August 1, 2013 Day 97...... Well just when we thought things were moving forward we took several steps back  today! Scotty got up this morning not feeling very well at all. He told Deborah he was okay and for her to go on for her eye exam. Kristin arrives to keep Noah and to help Scotty and she noticed he was not very alert. This was around 9:30. He was very confused and he just didn't seem himself. She called me and I headed over to their house. When I got there I realized he was short of breathe, very hot and shivering all over. His ankles and feet were very swollen and his left knee was swollen. I got the nurse on the phone from the oncologist's office and she had me call the ambulance. I was able to get Deborah and she finished her eye appointment and came right on. Kristin and I immediately started his oxygen he had at the house. The ambulance attendants arrive and they agreed he was too sick for me to drive him. We went to CMC main ER and was there until about 4:30 and they moved him to ICU. They moved him again around 8:30 to the progressive floor unit. They told us with the amount of oxygen he was on he needed to be watched more carefully than if he were on a regular floor.  At this time they are telling us he has a very visible case of pneumonia in his right lung. They showed us the x-ray. They started IV antibiotics and are continuing to evaluate his problems. He has also developed some type of rash and we had 8 doctors tell us today that it was not shingles. So we are waiting to hear what they decide it is. And yes we had seen 8 doctors by the time the night was over and we had to tell his story 8 different times why we brought him in.

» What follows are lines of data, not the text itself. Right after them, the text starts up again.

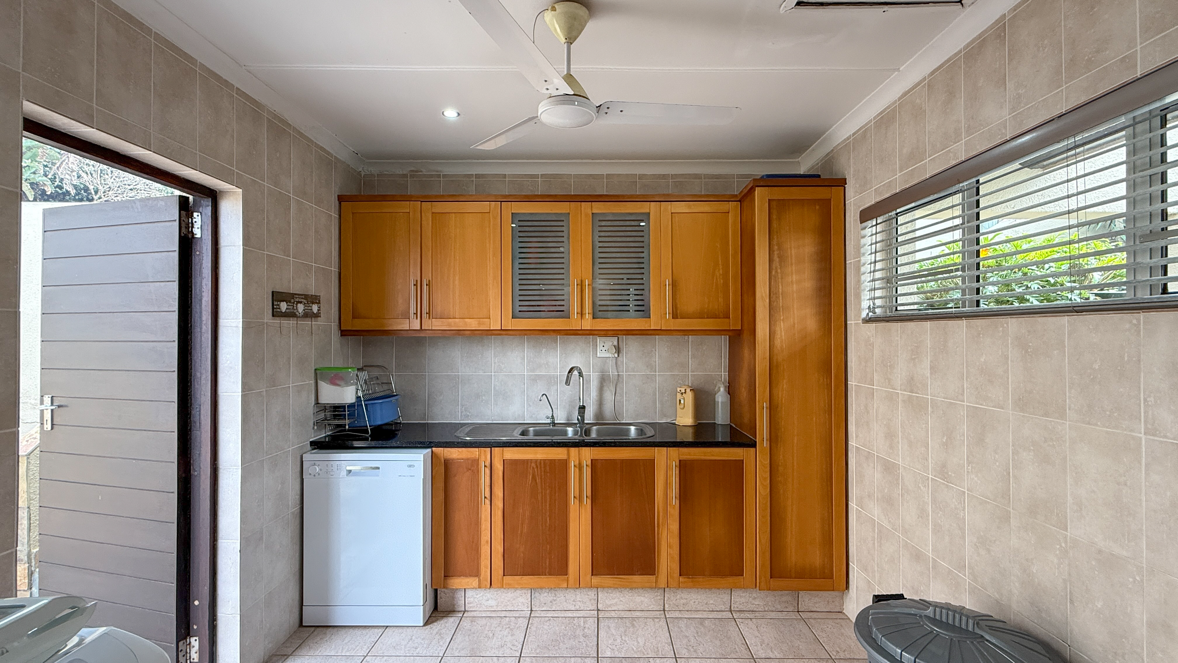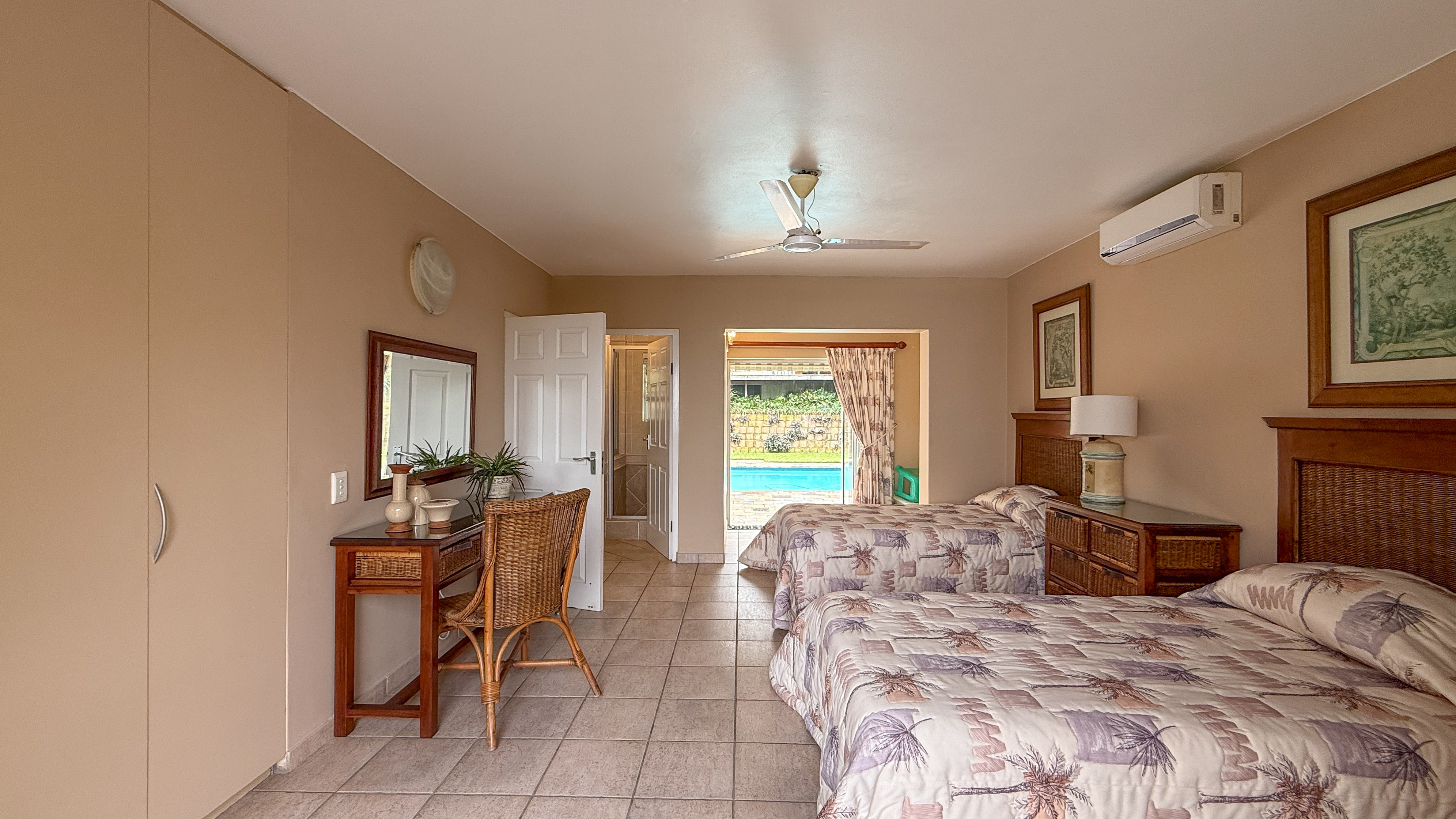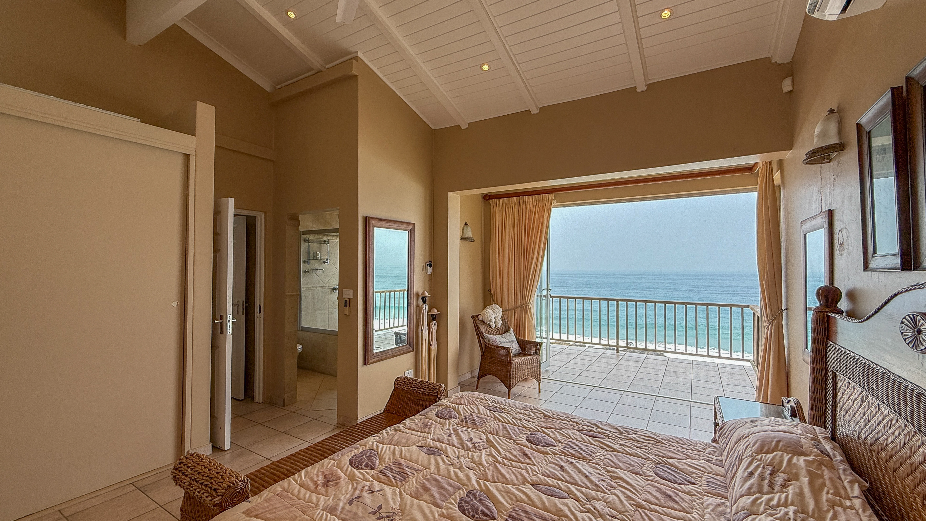 Adding to the appeal is a separate one-bedroom flatlet, ideal for guests, extended family, or as an income-generating rental opportunity. A double garage provides secure parking, while the landscaped garden leads directly to the beach, allowing you to dip your toes in the sand whenever you please. As a unique feature, the property even includes a small natural waterfall, enhancing its serene and tranquil atmosphere.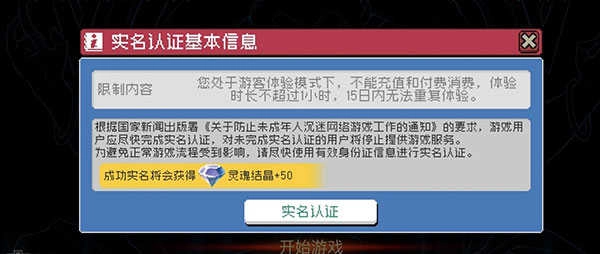 5、如未实名,则会弹出【实名认证基本信息】的提示(不同渠道弹出的实名认证窗口可能不同,请以实际显示为准)(响应国家实名政策,建议尽快进行实名认证,避免影响游戏体验)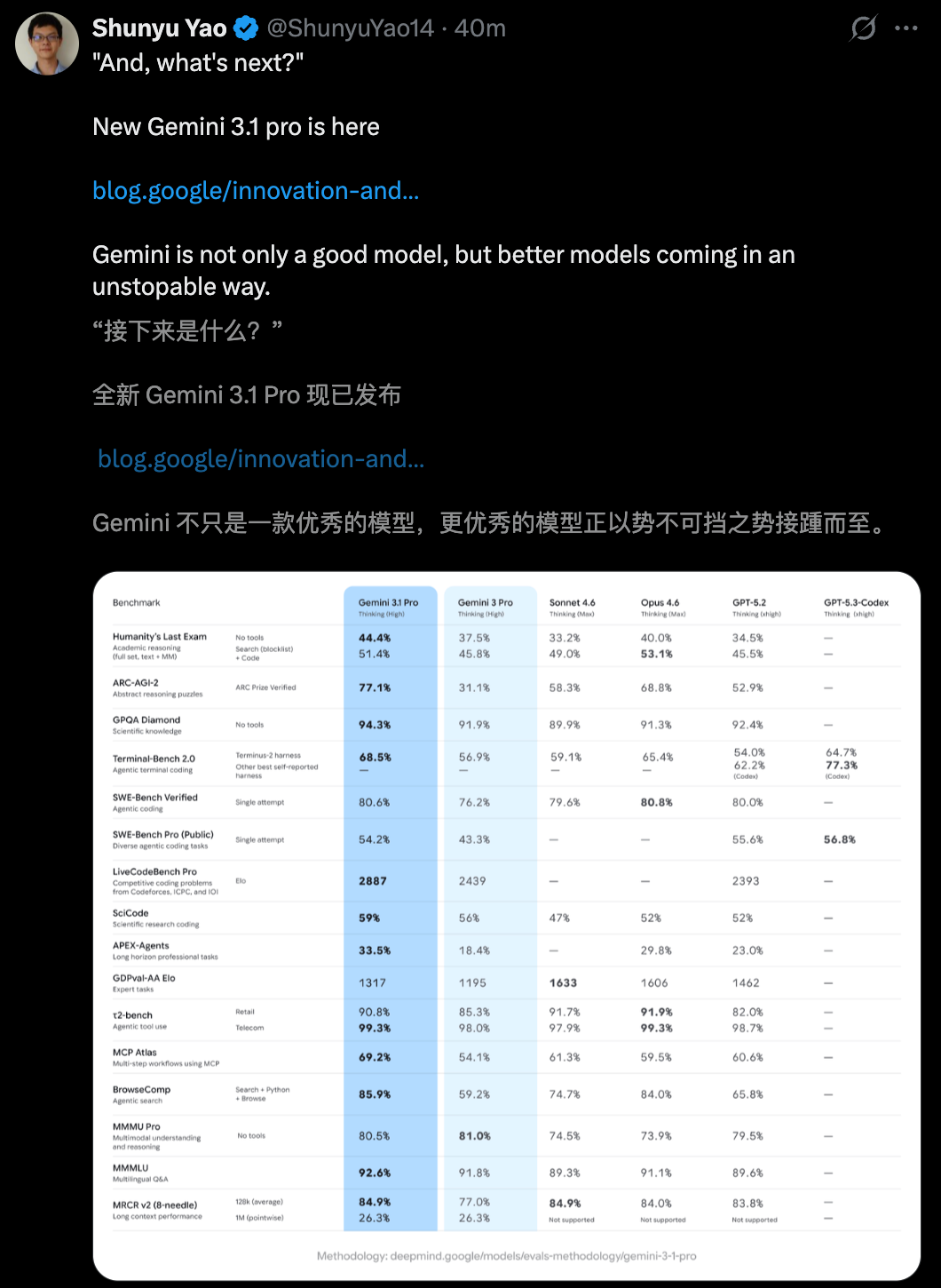 Deep Think之后,清华校友姚顺宇也参与了Gemini 3.1 Pro的研发

JEEZ...They were taking him down for a CT scan sometime tonight of his lungs. We hope to know more in the morning. Deborah and I left the hospital around 6:45pm and stopped at a Penn Station in Charlotte for some food and a chance to thaw ! Those hospital rooms and ER rooms are so COLD ! Even the bathrooms make you shiver ! LOL !  I will go up for the early shift while Deborah takes care of some phone calls she needs to make and to situate Noah for the day.

My thoughts today are it is amazing how quick things can change in a matter of hours with one's health. Bobby and I were just over there last night and I took the pictures for the blog. Today he is a very sick man and he needs all the prayers he can get ! WOW !......

Please pray for Scotty, Deborah, and Noah. Also our brother Kenny who will be in CMC main in the am having a heart cath done.